December 14, 1996

Common Currency, Uncommon Images

By EDMUND L. ANDREWS

DUBLIN, Ireland -- "Is there space for the queen's head?"

It was the first question to be asked at the public unveiling of the Euro Friday, and it immediately highlighted the prickly sensitivities of persuading Europeans to trade in their marks, francs, pounds and guilders.

A British reporter insisted on knowing about the queen's head, in part because the British have been skeptical of the idea of the Euro in the first place and in part because many have been irked by the European Union's scrupulous effort to stamp out any hint of "national bias" on the new notes.

It did not seem to matter today that Britain was so skeptical about the Euro that it might not join a monetary union anyway, and designers of the new notes were quick to address the British concern.

Not to worry, responded Alexandre Lamfalussy, president of the European Monetary Institute, the precursor of a European central bank that devised the bills for the Euro. Yes, Lamfalussy said, the bills have no national symbols or even any hints of specific national identity.

The Euro will probably be the first Western currency that will not have any graven images of historic figures. Everybody, after all, has to come from some country -- which also means, of course, somebody else's country.

"Why aren't there any people" on the Euro bills? a reporter asked. "Is it because people weren't involved in developing the Euro?"

"People are difficult," Lamfalussy said. "People are personalities, and personalities always belong to a country -- even when they travel a lot."

Nor are there any words on the bills, except Euro, because the words would have to be in one language or another.

Indeed, just to be completely safe, the bills will not feature an image of anything that exists in the real world. The bills' images of sweeping bridges, windows and stone gateways are fictitious.

"The motifs cannot be attributed to any particular monument located in any single country," emphasized a press release from the institute. "Rather they are representative of features which can be found in many parts of Europe."

All of which gets back to the queen's head.

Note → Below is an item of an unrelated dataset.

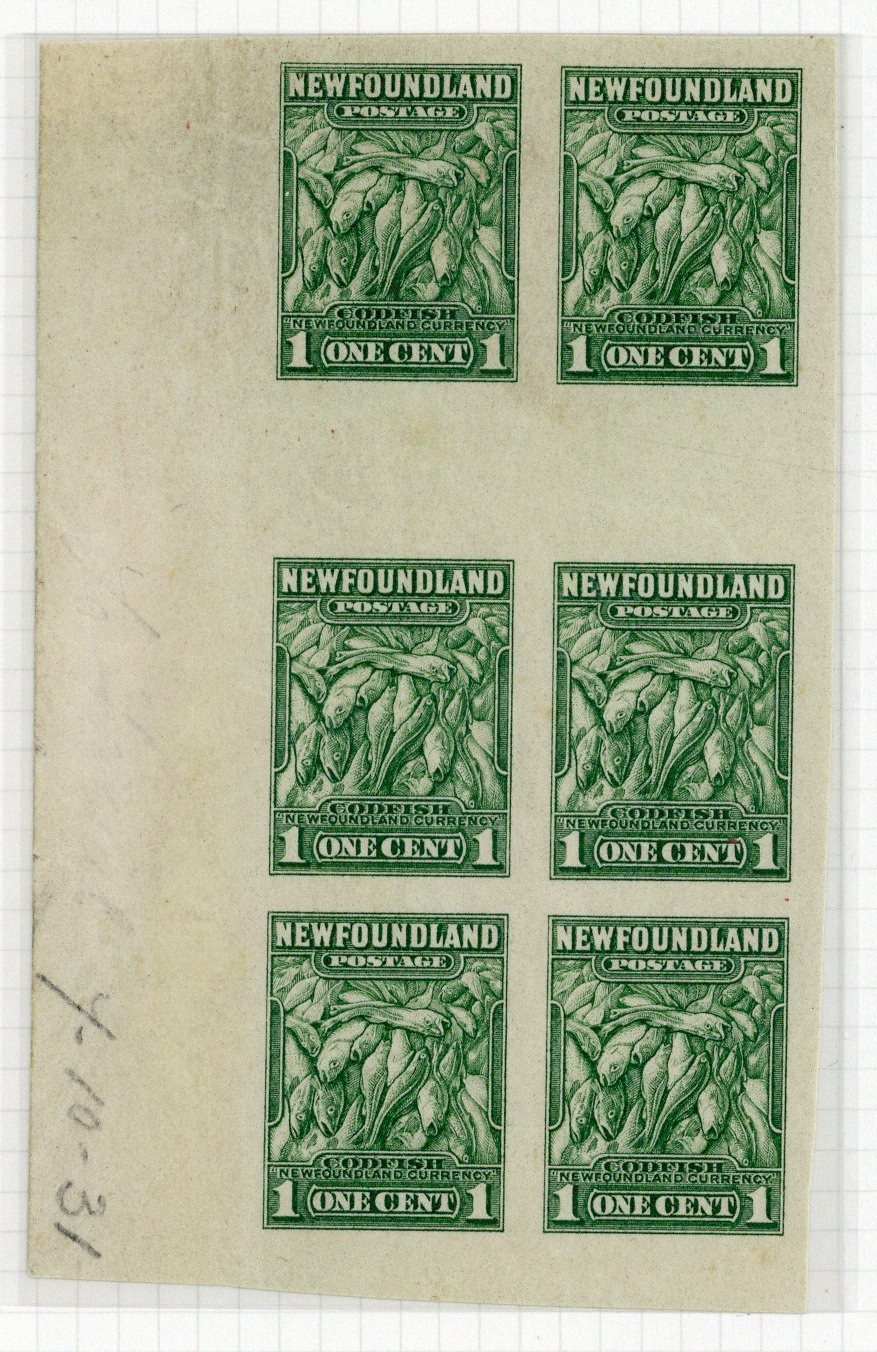 Booklet printing selection, comprising an imperforate block of six with interpanneau margin between, a block of four imperforate vertically and with five rows of perfs. at foot, a block of four with three vertical rows of perfs. at left, otherwise imperforate, an interpanneau block of nine with the two horizontal rows at foot imperforate, and a booklet pane as issued, fine with all but one mint

In a bow to lingering national loyalties, Lamfalussy explained Friday that a small space had been reserved on one side of each bill. Individual countries, which will print Euros at the mints they now use for their own currencies, will be allowed to use this space for their own "national symbols." So, yes, there is room for the queen's head.

The bills unveiled Friday were the product of more than a year's work, which entailed a fierce competition between different designers. The designs were all vetted by a panel of experts -- not just currency experts, but marketing experts, artists, art historians and advertising gurus. The institute even sampled reactions from about 2,000 people.